Додумать, что же получается и содрогнуться, Гордеев не успел. Зазвонил телефон. «Петелев?» Он не сразу сообразил, что звонок междугородный.
Это была Баскакова. В Булавинске все оставалось по-прежнему. Андреев томился в СИЗО, но только что ей позвонила тетка Николая Новицкого, Мария Гавриловна, и сообщила, что накануне вечером в свою квартиру в Усть-Басаргине вернулась Инга Новицкая. Оказывается, все это время ее держали в одном из загородных профилакториев непонятной – «или слишком понятной», язвительно прибавила Лариса Матвеевна, – принадлежности. Держали под тем видом, что за ней охотятся люди из наркомафии, с которой якобы имел дело Николай. Как сказала Инга, относились к ней хорошо, даже изображали равнодушие: мол, положено тебе пережидать время здесь, ну и пережидай, читай книжки, смотри телевизор, видео. Вместе с тем едва ли не каждый день, как бы непризвольно, ей говорили, что Николай попал в неприятную историю, в общем, случайно: хотел подготовить материал о торговцах наркотиками, а его сделали невольным наркокурьером. И неизменно повторяли, что ищут кассету, на которой Николаем якобы записаны показания наркодельцов... Если ее обнаружить, это, мол, поможет по-иному оценить поступки Николая, обезвредить преступников.
И Баскакова, и Гордеев понимали, что их разговор, скорее всего, прослушивается. Поэтому приходилось немного играть, но так, чтобы не пережать.
– Но ведь она об этой кассете ничего не знает! – воскликнул Гордеев.
– Верно, – подтвердила Баскакова. – Она предлагала им обо всем узнать у самого Николая... Но сразу начинались обычные штучки-дрючки: Николай якобы сказал, что кассета у вас, Инга, что вы ее должны были спрятать от наркодельцов... А когда она просила свидание – отказывали!

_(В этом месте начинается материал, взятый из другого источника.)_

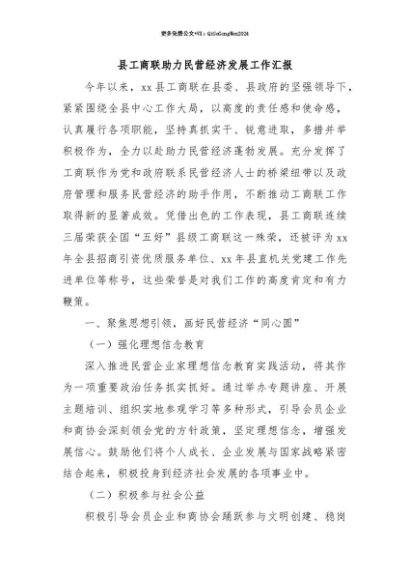 【七哥公文】2025年:【七哥公文】县工商联助力民营经济发展工作汇报+更多免费公文+VX:QiGeGongWen2024+更多免费公文+VX:QiGeGongWen2024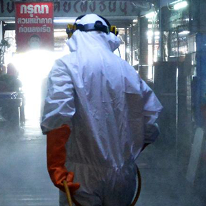 6月21日,工作人員在泰國首都曼谷一處生鮮市場進(jìn)行消毒。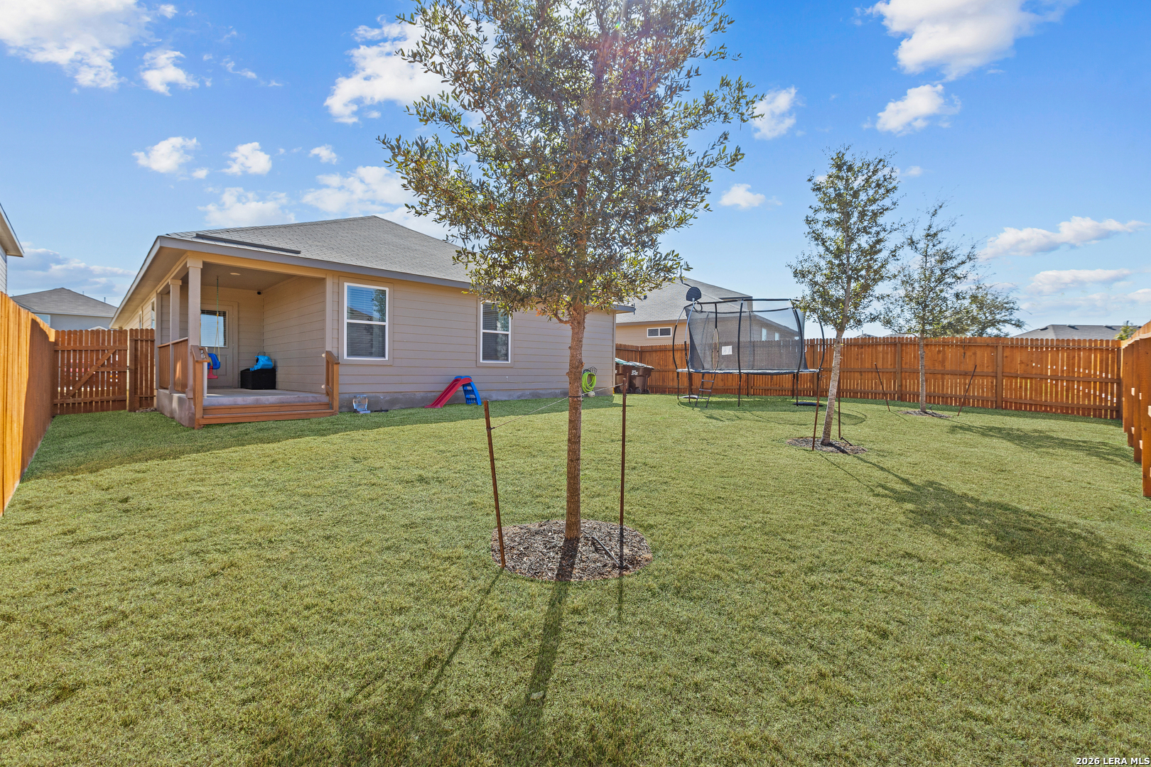 Welcome home to this beautifully maintained single-story residence offering 1,651 SF with 3 bedrooms, 2 baths, and a 2-car garage. Designed for comfortable everyday living, the layout begins with a separate dining room and flows effortlessly into a spacious open-concept kitchen featuring granite countertops, subway tile backsplash, stainless steel appliances, a gas range, abundant cabinetry, and a large island that serves as a secondary eating area while overlooking the family room - perfect for gathering and entertaining. The private primary suite provides a relaxing retreat with a double vanity, separate soaking tub and walk-in shower, private water closet, and a generous walk-in closet. Two additional bedrooms are well-sized with large closets and are conveniently located near the second full bath and utility room. Thoughtful upgrades include 9-foot ceilings, luxury vinyl plank flooring in the main living areas, ceramic tile in bathrooms and utility room, 2-inch faux wood blinds throughout, pre-plumbing for a water softener, and smart-home "Home Is Connected" features for added comfort and peace of mind. Step outside to enjoy the covered patio overlooking a fully landscaped backyard with full irrigation-ideal for relaxing or entertaining. Located in a welcoming neighborhood with community amenities, within walking distance to the elementary school, and offering the added confidence of a remaining 10-year builder warranty.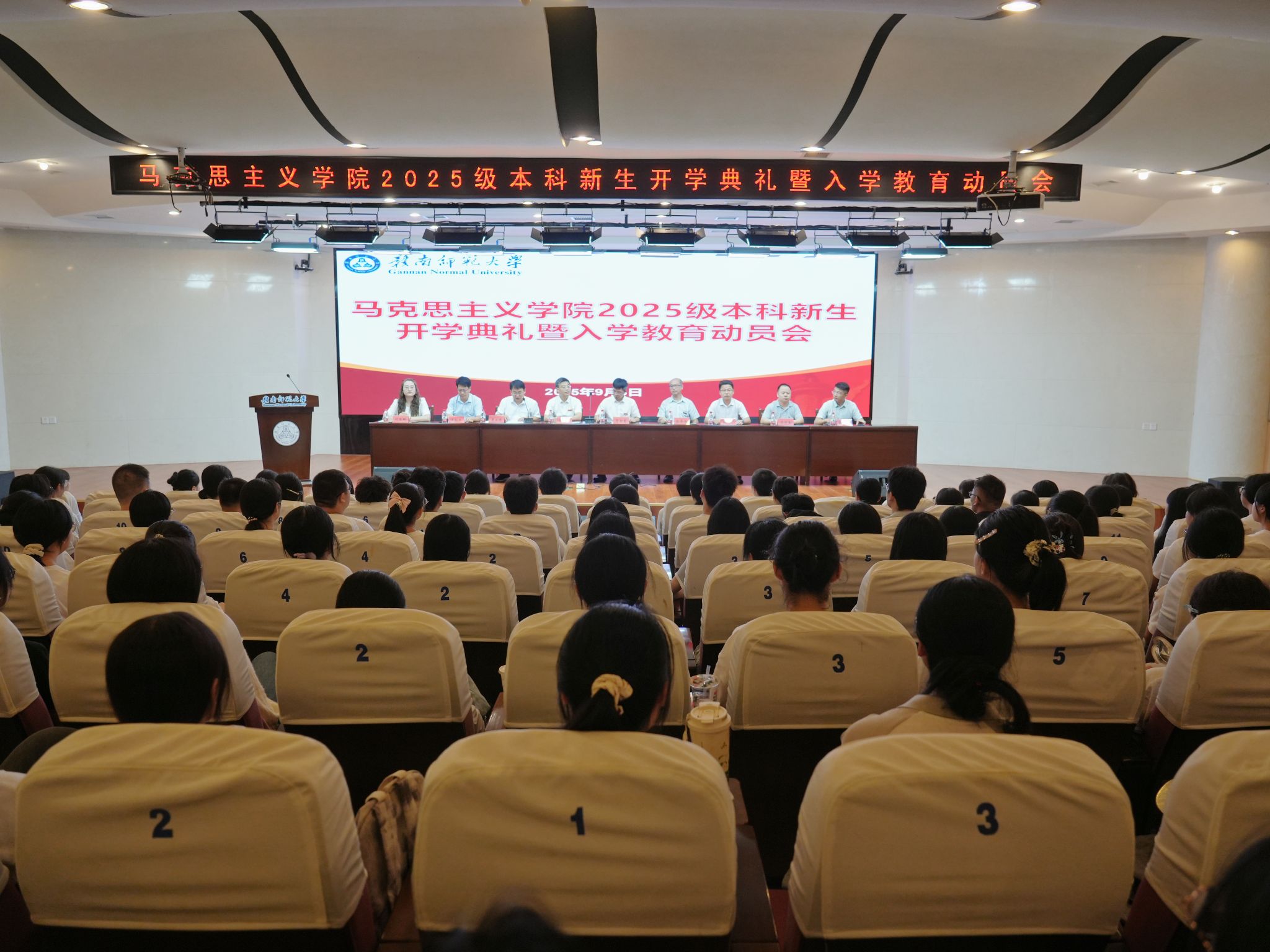 9月8日,马克思主义学院在图书馆科报厅举办2025级本科新生开学典礼暨入学教育动员大会,学院院长贺新春、党委副书记曾建国、副院长彭景涛出席,新生辅导员、班主任、师生代表和2025级全体新生参加,副院长康安峰主持。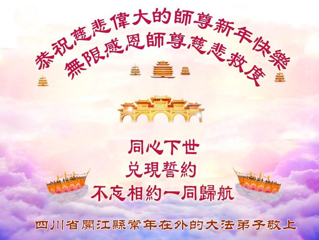 感恩師父的慈悲看護、加持!在新的一年裏,在師父延續來的時間裏,我們一定相互配合好,學好法,發好正念,做好三件事,多救世人。做好大法弟子該做的事,讓師父放心,跟師父回家。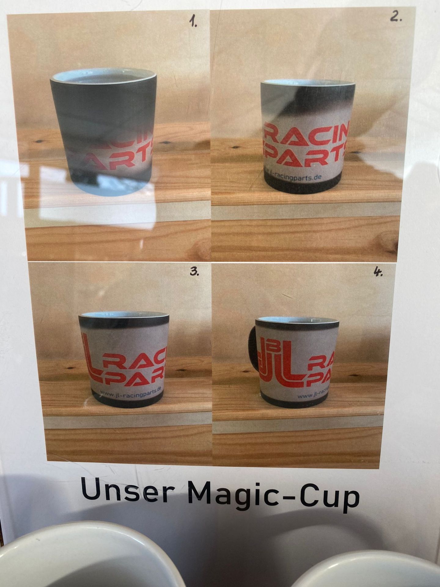 Keramiktasse mit Magicfunktion, wenn Heißgetränke eingefüllt werden erschein das darunter liegende Bild wie durch Zauberhand.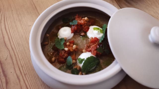 - Façon gravlax, huile fumée, échalotes, pickles de graines de moutarde, œuf de saumon, salicorne, stracciatella, condiment à l’aneth citronné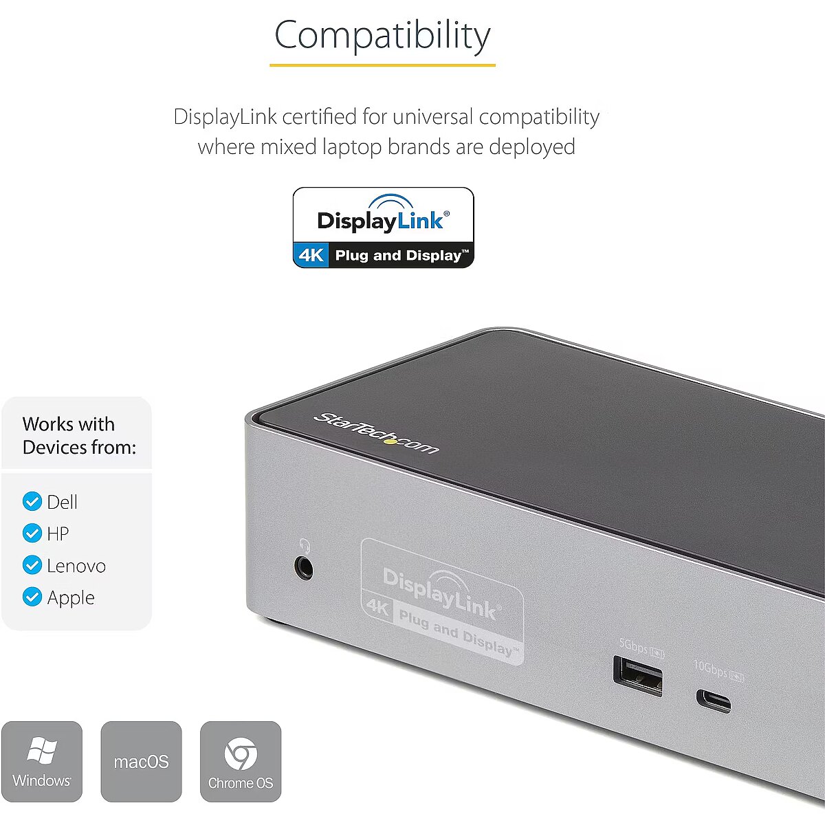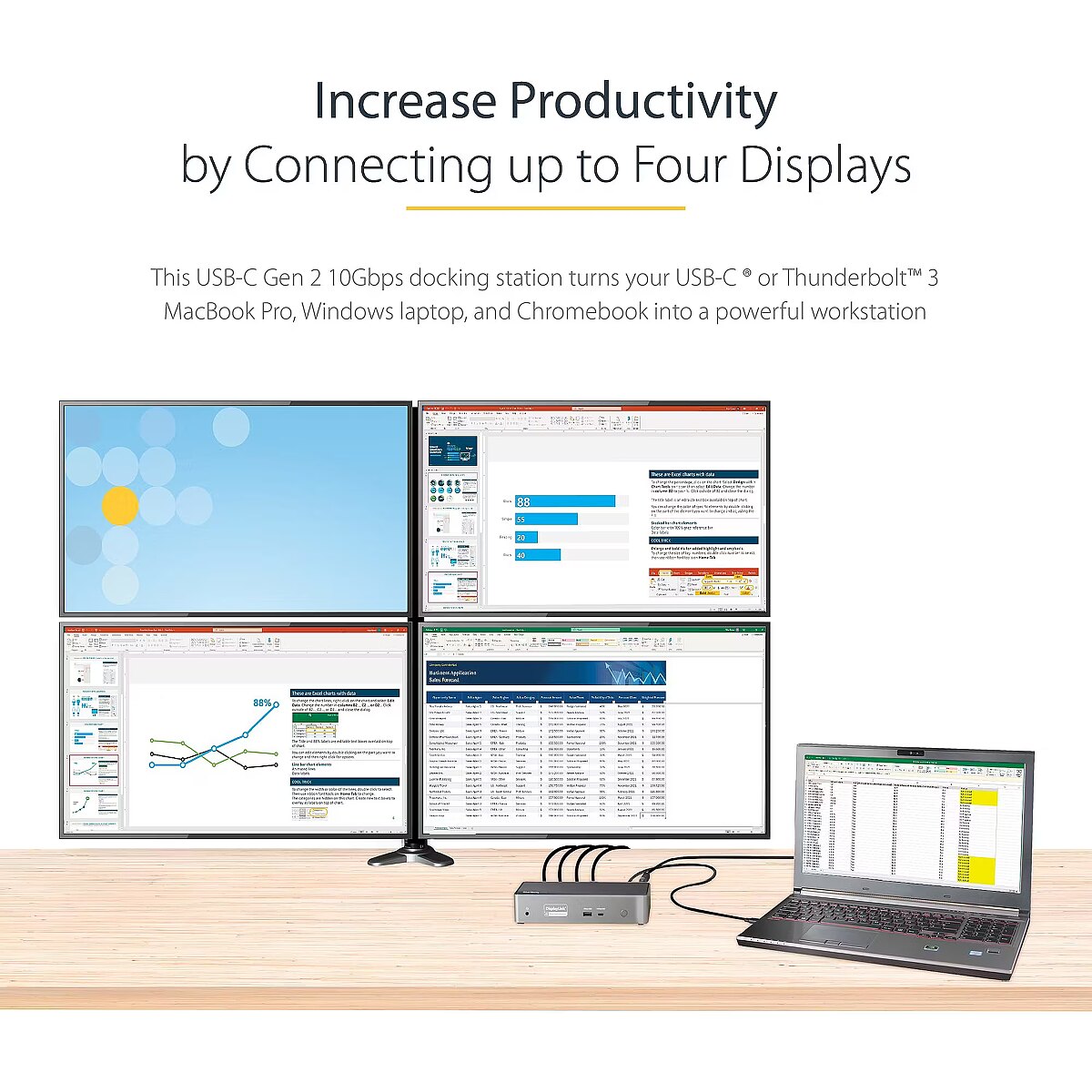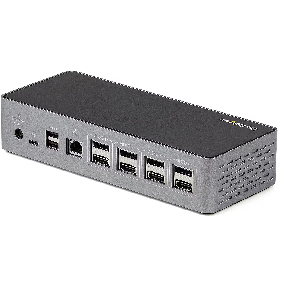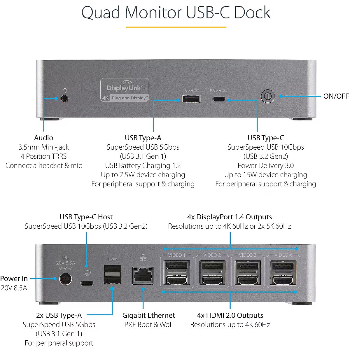 LongDesc - USB-C & USB-A Dock | USB 3.2 Gen 2 10Gbps | 4K 60HZ HDMI | 4K 60Hz DisplayPort | 100W Power DeliveryThis USB-C Gen 2 10Gbps docking station turns your USB-C ® or Thunderbolt™ 3 MacBook Pro, Windows laptop, and Chromebook into a powerful workstation. A USB 3.2 Gen 2 Type-C dock features everything you need, from quad HDMI or DisplayPort video outputs up to 4K 60 Hz to 10Gbps USB-C & USB-A downstream peripheral ports to 100W Power Delivery.HDMI & DisplayPort for Four Monitor OutputsThis USB-C Gen 2 docking station with DP 1.2 and HDMI 2.0 HDR support, is a perfect choice for dual, triple, or quad monitor setup, supporting up to quad 4K 60Hz display output, with any combination of four DisplayPort or HDMI video interfaces, on USB-C Gen 2 laptops, MacBooks (including M1 based systems) and Windows-based Thunderbolt 3 laptops.Display & Resolution Specs:Quad 4K DisplayPort | Up to 3840 x 2160p @ 60HzQuad 4K HDMI | Up to 3840 x 2160p @ 60HzQuad 4K (Mix of DP & HDMI) | Up to 3840 x 2160p @ 60HzDual 5K DisplayPort* | Up to 5120 × 2880Single 5K DisplayPort* | Up to 5120 × 2880 + Dual 4K HDMI/DisplayPort | Up to 3840 x 2160p @ 60Hz*Requires monitor support for 5K and uses two DP ports for one 5K display connectionPower & Charge with 100W Power DeliveryPower and charge USB-C/Thunderbolt 3 workstation laptops & ultrabooks with 100 watt PD. Higher power delivery, more than other USB-C 10Gbps quad monitor docks.Charge smartphones and other high powered devices with two downstream front-facing charging ports with BC 1.2 for USB-A and USB-C devices. Fast-charge ports support always-on charging so devices will charge whether or not a host laptop is connected.Plenty of Downstream USB PortsThis USB-C Gen 2 docking station features 4 downstream USB ports in total to connect USB peripherals.• 1x USB-C 3.2 Gen 2 (10 Gbps | 15W/3A)• 1x USB-A 3.2 Gen 1 (5 Gbps | 7.5W/1.5A)• 2x USB-A 3.2 Gen 1 (5 Gbps | 4.5W/0.9A)Also included, is a gigabit Ethernet port with PXE Boot and WoL support, as well as 4-position TRRS stereo audio headset/mic port.Additional Security FeaturesThis USB-C docking station comes with plenty of security features a K-slot for a Kensington style laptop lock and holes to mount the dock on the desk or wall and includes a USB-IF Certified 1m USB-C cable.Extra VentilationUSB-C dock features optimized ventilation on both ends and bottom side of dock to provide cooling support to higher temperature thermals that can be generated by high performance video/graphics applications and multiple 4K 60Hz video outputs.Enhance Productivity and Device Management with the StarTech.com Connectivity Tools ApplicationDeveloped to improve performance and security, StarTech.com Connectivity Tools is the only software suite on the market that works with a wide range of IT connectivity accessories. The software suite includes:•Advanced Windows Layout Utility : To setup and save custom windows layouts.•Mac Address Pass-Through Utility : To improve network security.•USB Event Monitoring Utility : To track and log connected USB devices•Wi-Fi Auto Switch Utility : Enabling users to quickly access faster network speeds via wired LAN.For more information and to download the StarTech.com Connectivity Tools application, please visit: www.StarTech.com/Connectivity-ToolsThe StarTech.com Advantage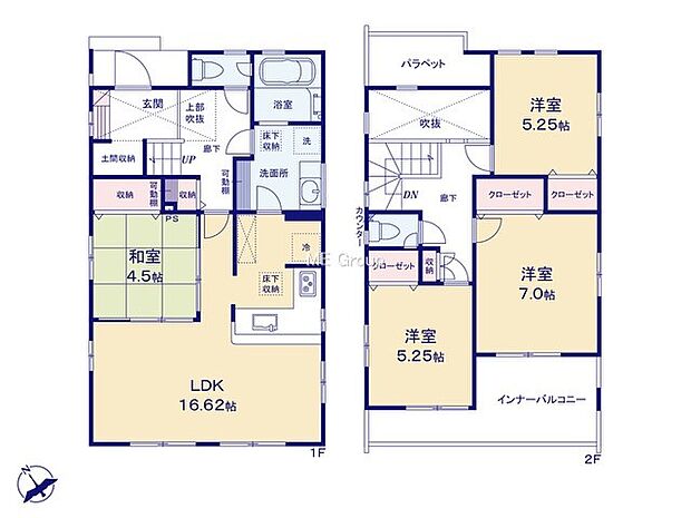 • 「建築条件付き土地」の「建物プラン例」は、土地購入者の設計プランの一例であり、プランの採用可否は任意です。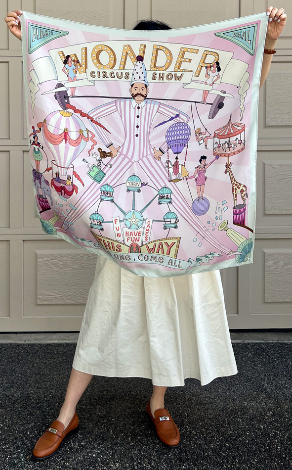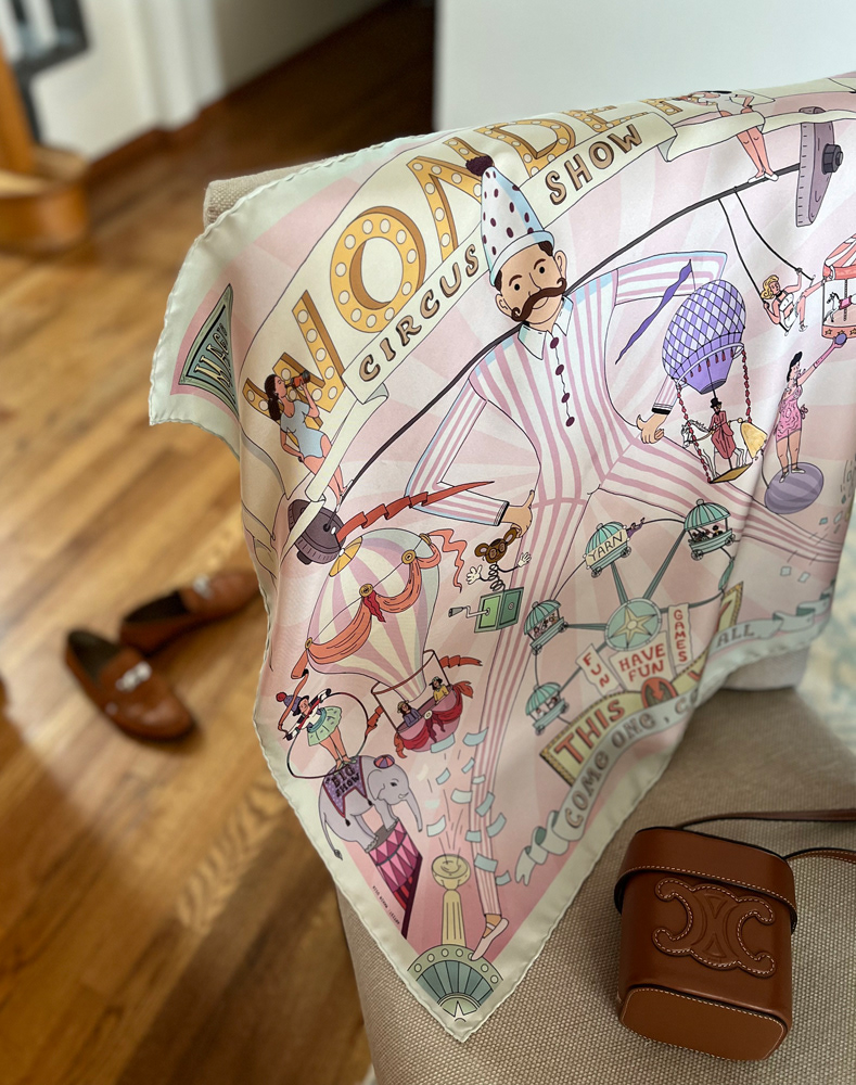 Together with Seoul (South Korea) based fashion brand YARN we designed and I illustrated a beautiful and playful silk scarf. Scarf is 100% silk, printed in Italy. Size 90x90cm.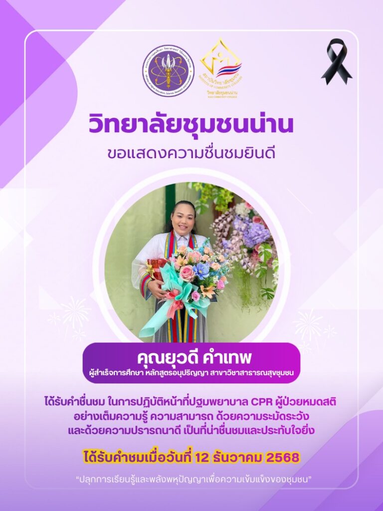 วิทยาลัยชุมชนน่าน ขอแสดงความชื่นชมยินดี คุณยุวดี คำเทพ ผู้สำเร็จการศึกษา หลักสูตรอนุปริญญา สาขาวิชาสาธารณสุขชุมชน ในการปฏิบัติหน้าที่ปฐมพยาบาล CPR ผู้ป่วยหมดสติ อย่างเต็มความรู้ ความสามารถฯ

– Не на том ли основании, что Николай болен инфекционной болезнью и лежит в санчасти?!
– Какой вы догадливый, Юрий Петрович! – съязвила Баскакова, рассчитывая, что чужие уши это слышат.
– Да что там! Просто булавинский СИЗО в этом июне поразила какая-то особая эпидемия... А вообще-то они зря суетились! Хорошо хоть девушку, ничего не подозревавшую, ума хватило отпустить. Если бы еще и с Андреевым так поступили... Кассета уже две недели как в Москве, и где надо разбираются – какие и чьи на ней показания и против кого. Но это сугубо между нами.
Баскакова помедлила лишь долю секунды:
– Я так и предполагала.
– Передайте тете, пусть Инга будет предельно осторожной. Лучше бы ей уехать куда-то – как мне кажется. Дела движутся.
Баскакова пожелала успехов, и они закончили разговор.
Тем не менее вопрос с кассетой оставался, и надо было найти надежный канал, чтобы все же связаться с Ингой и выяснить судьбу этой кассеты.
Гордеев залез в ванну и долго стоял под струями прохладной воды.
Лида от всех этих утренних шумов тоже проснулась. Когда Гордеев вышел после освежающей, но мало освежившей процедуры, она была в его спортивной майке, которая, впрочем, как платье оказалась несколько коротковатой. Лицо Лиды было грустным. Гордеев подумал, что она переживает свое ночное признание.
– Петрович, я, к сожалению, почти без вещей, – Лида будто правдывалась. – Вот надела твою майку... Сегодня поеду в свое обиталище...
– Неужели ты думаешь, что я тебя куда-то отпущу одну? – Юрий Петрович обнял ее за плечи, прижал к себе.
– Ты на меня не сердишься? – спросила она, надеясь: он поймет, что она имеет в виду.
– Ну что ты! Разве можно сердиться на человека за то, что он порядочен, верен данному слову. Этим-то и пользуются...
Лида глубоко вздохнула:
– Ты думаешь, все будет хорошо?
– Как это будет с тобой и со мной, к сожалению, даже мы сами не сможем сказать, но я очень надеюсь... А что касается Павла Михайловича, то ему тоже воздастся. На каких-то весах это взвесят – и то, что он нас, так сказать, познакомил, но и то, зачем ему это было нужно...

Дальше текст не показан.